I don't think it's a baby boomer thing at all. What is wrong with a few glasses of wine when babysitting. Half the threads on here mention wine or gin.

SparkleTwinkleGoldGlitter · 20/02/2017 21:52

Me and dh drink with our dd in the house but not roaring drunk just 2 glasses of wine, I like wine so I don't see why I shouldn't enjoy a glass.

I wouldn't expect a baby sister to not touch a drop, especially a grandparents that is kindly doing it for free why shouldn't they have a glass of wine

Basicbrown · 20/02/2017 21:52

Then came heavy drinking in her 50s.

So what are we talking about? Heavy drinking or a couple of glasses of wine?

brasty · 20/02/2017 21:53

Are all those talking about driving saying that someone who can't drive should not be allowed to look after children? Or if you don't have a car?
Honestly it is ridiculous. You get a taxi, or if an emergency, an ambulance. A taxi firm will prioritise someone taking a child to A&E.

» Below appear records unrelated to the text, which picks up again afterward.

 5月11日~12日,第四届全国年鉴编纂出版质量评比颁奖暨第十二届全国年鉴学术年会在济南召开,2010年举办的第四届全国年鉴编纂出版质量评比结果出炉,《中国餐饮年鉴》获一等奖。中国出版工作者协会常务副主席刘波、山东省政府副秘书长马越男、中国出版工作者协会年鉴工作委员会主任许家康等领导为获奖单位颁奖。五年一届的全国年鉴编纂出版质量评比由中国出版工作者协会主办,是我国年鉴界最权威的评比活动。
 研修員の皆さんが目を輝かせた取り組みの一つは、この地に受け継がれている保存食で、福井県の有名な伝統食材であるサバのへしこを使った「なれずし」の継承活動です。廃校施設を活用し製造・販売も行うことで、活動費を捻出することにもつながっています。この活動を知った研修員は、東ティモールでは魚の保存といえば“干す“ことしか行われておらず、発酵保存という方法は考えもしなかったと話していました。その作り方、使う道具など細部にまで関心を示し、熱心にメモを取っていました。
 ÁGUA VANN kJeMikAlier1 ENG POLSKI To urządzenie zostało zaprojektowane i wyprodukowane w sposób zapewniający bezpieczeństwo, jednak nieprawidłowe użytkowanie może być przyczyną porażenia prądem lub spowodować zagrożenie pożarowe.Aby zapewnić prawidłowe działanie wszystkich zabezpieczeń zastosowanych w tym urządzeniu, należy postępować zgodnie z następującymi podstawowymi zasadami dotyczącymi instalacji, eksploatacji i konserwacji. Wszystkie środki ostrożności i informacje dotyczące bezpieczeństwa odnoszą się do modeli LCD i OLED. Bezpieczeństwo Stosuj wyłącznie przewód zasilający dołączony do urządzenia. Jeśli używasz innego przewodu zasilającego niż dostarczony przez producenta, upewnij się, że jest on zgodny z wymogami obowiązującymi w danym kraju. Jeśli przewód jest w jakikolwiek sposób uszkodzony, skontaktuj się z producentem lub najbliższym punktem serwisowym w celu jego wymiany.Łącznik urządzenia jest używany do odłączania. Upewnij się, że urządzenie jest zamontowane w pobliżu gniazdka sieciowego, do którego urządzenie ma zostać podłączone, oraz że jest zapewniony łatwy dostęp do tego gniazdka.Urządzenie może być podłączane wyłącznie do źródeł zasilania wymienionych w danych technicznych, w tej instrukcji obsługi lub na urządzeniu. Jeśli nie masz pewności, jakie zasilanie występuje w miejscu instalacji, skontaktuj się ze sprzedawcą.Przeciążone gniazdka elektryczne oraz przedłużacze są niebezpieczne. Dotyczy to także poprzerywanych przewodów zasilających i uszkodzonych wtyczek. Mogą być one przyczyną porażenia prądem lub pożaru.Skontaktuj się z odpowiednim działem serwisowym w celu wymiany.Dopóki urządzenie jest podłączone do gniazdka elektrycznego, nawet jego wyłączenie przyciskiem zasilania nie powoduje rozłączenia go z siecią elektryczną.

Being drunk is not okay. But 2 beers or glasses of wine is fine.

PurpleMinionMummy · 20/02/2017 21:54

Yanbu, it's your call. If you're not comfortable with it, you're not. I've had to do a 2am drive to hospital with a sick baby, taxis aren't hugely abundant in the middle of nowhere.

If someone can't forgo alcohol for one evening whilst they babysit, I'd wonder if they had an alcohol problem. They have 6 other days of the week to enjoy that 'not making you at all drunk' glass or few of wine. Why can't it wait? Surely it would be MORE enjoyable without kids around?

Pinkheart5915 · 20/02/2017 21:55

I drink with my babies in the house as does dh, in fact I have a nice glass of red right now with dh while the babies are asleep. 1-2 glasses of wine does not make me incapable of caring for my children should they wake.

So I would not expect a babysit not to touch a drop, don't get me wrong I wouldn't want them steaming drunk but 1-2 glasses of wine or what ever triple they like honestly wouldn't bother me

arethereanyleftatall · 20/02/2017 21:55

Tbh I'm quite often on a Saturday night too drunk too drive, as is my dh, as are any adult friends who are round; whilst in care of our dc. Not absolutely bladdered (I can't be arsed with hangovers any more) but certainly over the driving limit. I don't know anyone who always makes sure one of them is below the limit for emergencies, just get a cab in the very unlikely event.
That said, I'd be fine then have a few whilst looking after my own dc, but not if I were babysitting anyone else's. That's somehow different.

mylongawaitedlife · 20/02/2017 21:56

the example I gave somewhere earlier upthread I think is one being on third beer and the other half a bottle of red - and showing signs of drunkenness

basic when not looking after DC, then much more drunk - what I would call heavy.